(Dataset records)
▶

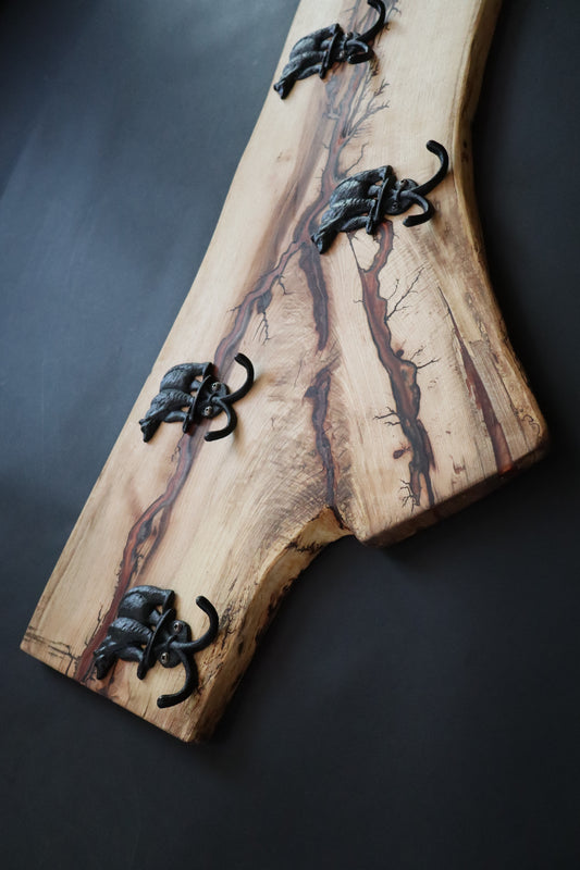 Hickory Wood with Bear Hooks Coat Rack
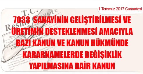 Kanun No: 7033 Kabul Tarihi: 18/6/2017
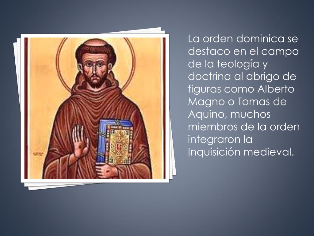 La orden dominica se destaco en el campo de la teología y doctrina al abrigo de figuras como Alberto Magno o Tomas de Aquino, muchos miembros de la orden integraron la Inquisición medieval.
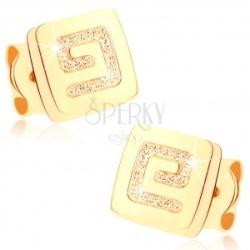 Bedugós fülbevaló sárga 9K aranyból, fényes négyzet alakban, enyhén kerekített sarkokkal, melynek a felületén egy szemcsés görög kulcs ábrázolódik ki. A fülbevaló hátlapja fényes és sima. Biztonságos viselését a stekker biztosítja. A fülbevaló méretei: 5 x 5 mmA fülbevaló súlya: 0,4 gFémjelzéssel ellátott. Az ár egy párra vonatkozik.
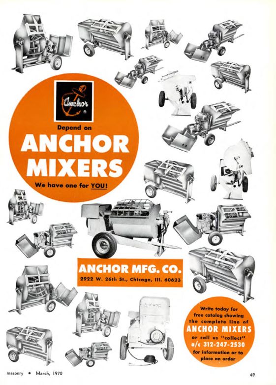 Write today for free catalog showing the complete line of ANCHOR MIXERS or call us "collect" a/c 312-247-2530 for information or to place an order
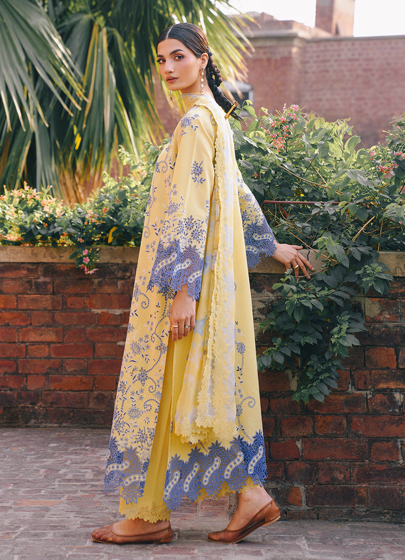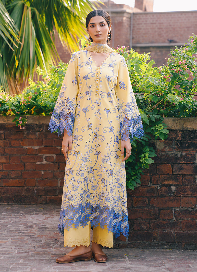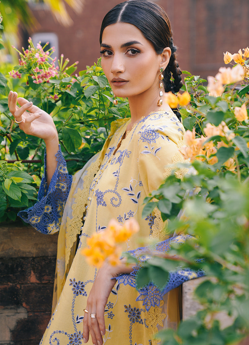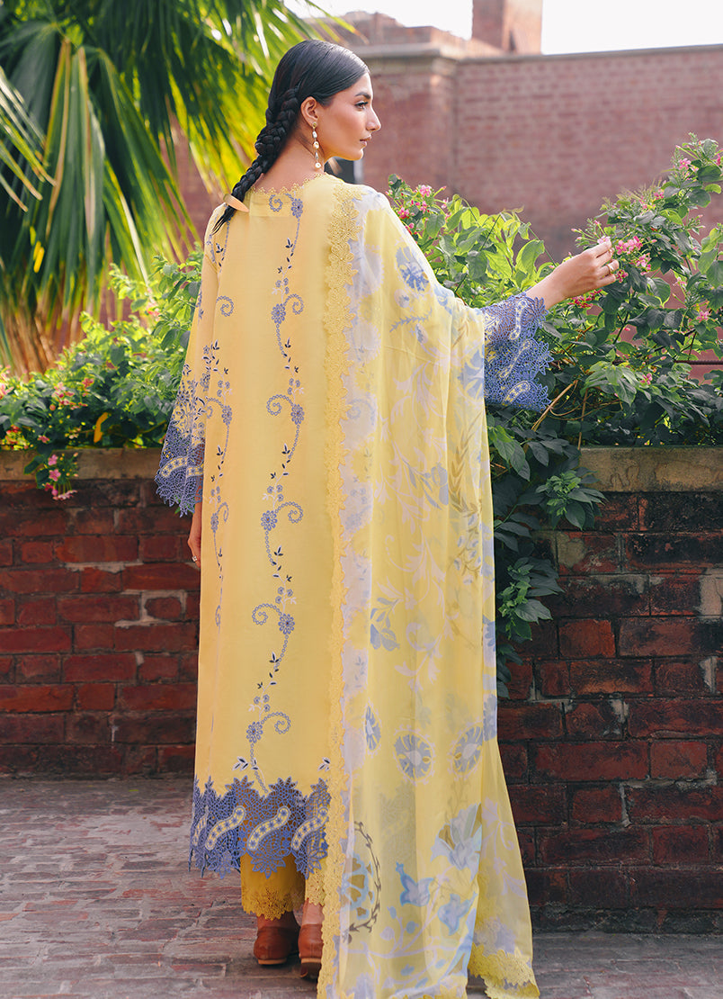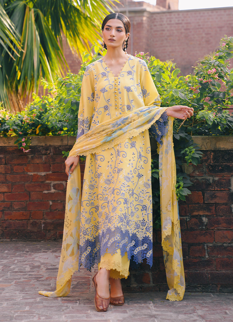 Sanae in Yellow from our Summerkari '25 Collection. An embroidered cotton lawn 3-piece outfit paired with cotton cambric trousers & digital printed chiffon dupatta.
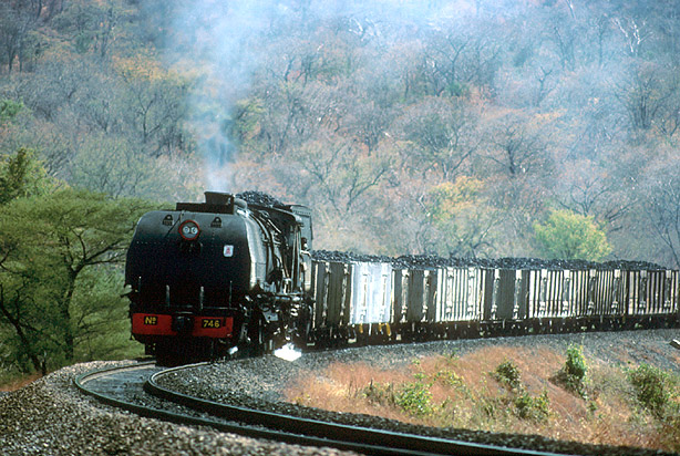 20A 746 rounds the curve approaching Lukosi with a full load of coal from Wankie on 3rd August 1991. (KC)
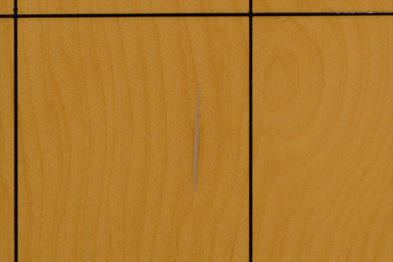 左側に裂けがあり、樹脂で補修しています。

◀

## Directions for this task
Pictures should be skipped, and the records retyped word for word.

## Result of the task
 Hickory Wood with Bear Hooks Coat Rack
 Kanun No: 7033 Kabul Tarihi: 18/6/2017
 La orden dominica se destaco en el campo de la teología y doctrina al abrigo de figuras como Alberto Magno o Tomas de Aquino, muchos miembros de la orden integraron la Inquisición medieval.
 Bedugós fülbevaló sárga 9K aranyból, fényes négyzet alakban, enyhén kerekített sarkokkal, melynek a felületén egy szemcsés görög kulcs ábrázolódik ki. A fülbevaló hátlapja fényes és sima. Biztonságos viselését a stekker biztosítja. A fülbevaló méretei: 5 x 5 mmA fülbevaló súlya: 0,4 gFémjelzéssel ellátott. Az ár egy párra vonatkozik.
 Write today for free catalog showing the complete line of ANCHOR MIXERS or call us "collect" a/c 312-247-2530 for information or to place an order
 Sanae in Yellow from our Summerkari '25 Collection. An embroidered cotton lawn 3-piece outfit paired with cotton cambric trousers & digital printed chiffon dupatta.
 20A 746 rounds the curve approaching Lukosi with a full load of coal from Wankie on 3rd August 1991. (KC)
 左側に裂けがあり、樹脂で補修しています。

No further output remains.